Enrico Geroni

Personal information
- Date of birth: 18 June 1989 (age 36)
- Place of birth: Florence, Italy
- Height: 1.86 m (6 ft 1 in)
- Position: Midfielder

Team information
- Current team: Sasso Marconi

Youth career
- 0000–2007: Prato
- 2006–2007: → AlbinoLeffe (loan)
- 2007–2008: AlbinoLeffe

Senior career*
- Years: Team / Apps / (Gls)
- 2008–2015: AlbinoLeffe / 41 / (1)
- 2011: → Barletta (loan) / 7 / (1)
- 2011–2012: → Prato (loan) / 22 / (1)
- 2013–2014: → Carrarese (loan) / 14 / (1)
- 2015: Aversa Normanna / 13 / (1)
- 2015–2018: Olbia / 48 / (3)
- 2018–2019: AC Rezzato / 23 / (2)
- 2019–2020: Crema / 21 / (0)
- 2020–2021: Costa Orientale Sarda / 25 / (4)
- 2021–2022: Ponsacco / 32 / (1)
- 2022–: Sasso Marconi / 7 / (1)

= Enrico Geroni =

Italian footballer (born 1989)

Enrico Geroni (born 18 June 1989) is an Italian footballer who plays for Sasso Marconi in Serie D.

==Biography==
Born in Florence, Tuscany, Geroni was a youth product of Prato. In 2006, he was signed by Lombard club AlbinoLeffe. Geroni made his senior debut for the club in a 2–2 draw with Grosseto on 4 October 2008.
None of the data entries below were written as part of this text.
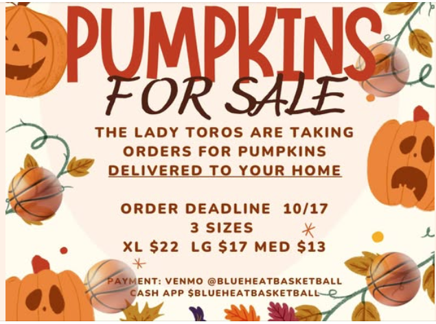 Now – Tocoi Creek Girls Basketball Fundraiser PUMPKINS FOR SALE … Order deadline 10/17, 3 sizes XL $22; LG $17; MED $13 delivered to your home. Info on FB, click here.
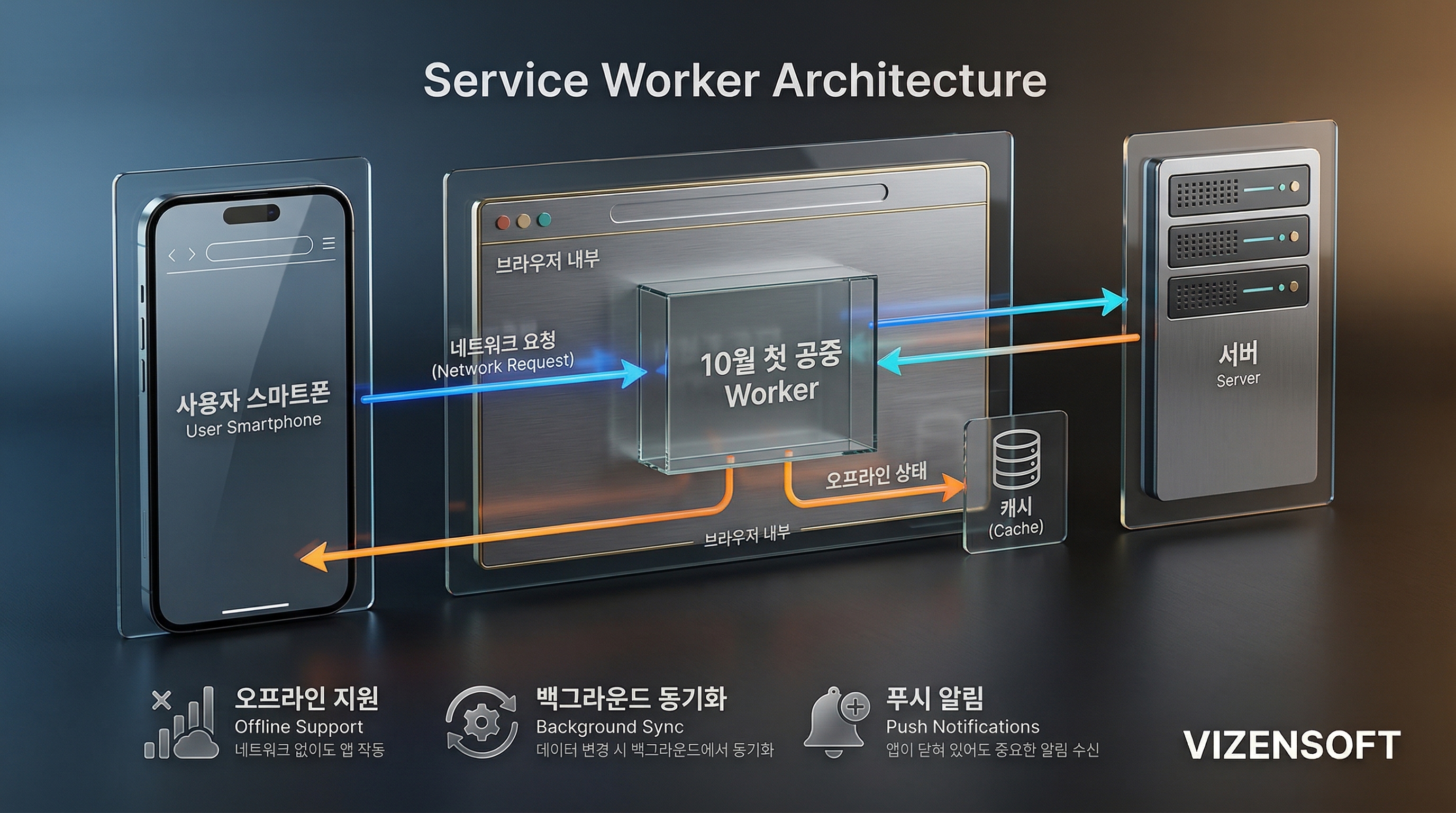 PWA를 일반 웹과 구분하는 가장 핵심적인 기술이 바로 서비스 워커(Service Worker) 입니다. 서비스 워커는 브라우저 뒤에서 백그라운드로 실행되는 JavaScript 파일로, 웹페이지와 독립적으로 동작하며 네트워크 요청을 중간에서 가로채 캐시(저장된 데이터)를 활용할 수 있게 해줍니다. 쉽게 말하면 앱과 서버 사이에서 일종의 프록시 역할을 하는 스마트한 중간 관리자라고 이해하면 됩니다.
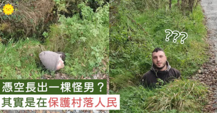 路邊有一棵怪男?只剩頭露出來 原來是為「保護大家」的暖心行為
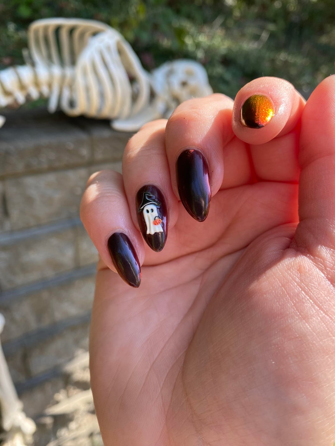 I noticed it today while thinking about future spooky manis and I am PUMPED ILNP eclipse; KBShimmer fillin’ groovy, smooth moves, and clearly on top; stickers from Amazon by bigfatcoffeeslut
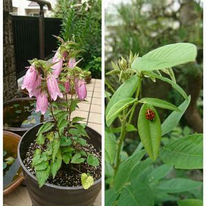ホタルブクロの花が咲いています。 ハギの葉にはテントウムシ?が…。 この写真ではわかりにくいのですがハギの葉にはアブラムシがいたので食べに来たのかもしれませんね。
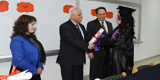 احتفلت جامعة دمشق اليوم بتخريج دفعة جديدة من طلاب قسم اللغة الفرنسية في كلية الآداب والعلوم الإنسانية للعام الدراسي 2014-2015 وكرمت المتفوقين منهم.
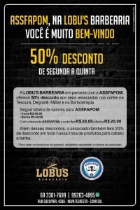 A ASSFAPOM fechou uma parceria com a Barbearia LOBU’S que oferece 50% de desconto de segunda a quinta-feira nos cortes na Tesoura, Degrade, Militar e na Barboterapia.
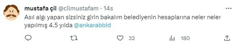 Mustafa Çil isimli bir başka hesap ise, "Asıl algı yapan sizsiniz girin bakalım belediyenin hesaplarına neler neler yapılmış 4.5 yılda" ifadelerini kullandı.
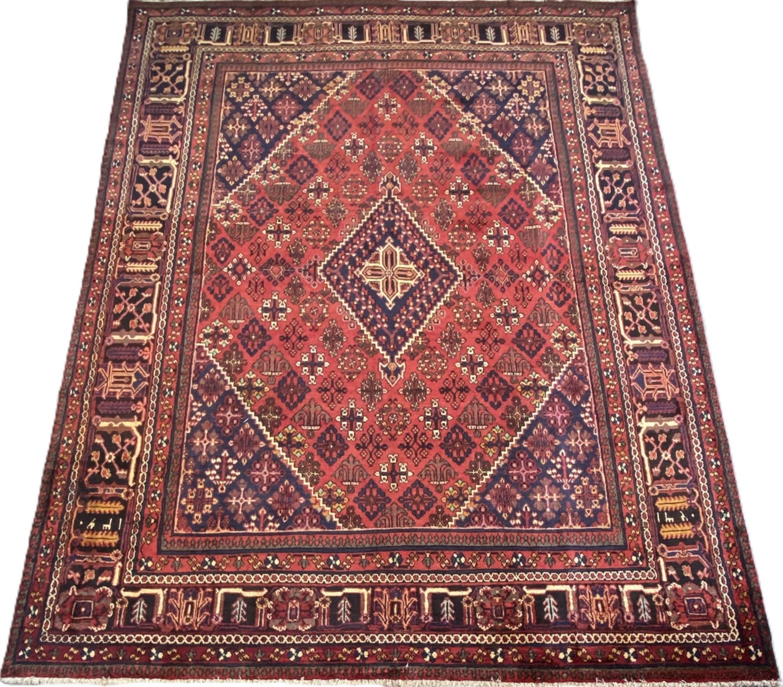HAND-SPUN WOOLLEN PILE & NATURAL DYES. HAND-KNOTTED VILLAGE WEAVE FROM THE ISFAHAN PROVINCE WITH A DISTINCT DESIGN OF A DIAMOND-SHAPED MEDALLION SET AGAINST DIAGONAL ROWS OF STYLIZED FLORAL & TREE OF LIFE PATTERNS SET WITHIN A CRIMSON BACKGROUND. BORDER OF STYLIZED PALMETTES & LEAF FORMS.

On 29 July 2010, he signed a new five-year contract with club along with Alessandro Salvi and Manuel Daffara; all three youth products fulfill the criteria of having reached a certain number of professional appearances and eligible to sign a contract of maximum of five years instead of three years in protection period. Geroni and Paolo Maino were signed by Barletta on 11 January 2011.

In summer 2011 he was signed by Prato. On 8 July 2013 Geroni left AlbinoLeffe again for Carrarese. On 2 February 2016 he left the club again for Aversa Normanna in a definitive deal.

In December 2015 he was signed by Serie D club Olbia. The club was promoted to Lega Pro to fill the vacancies.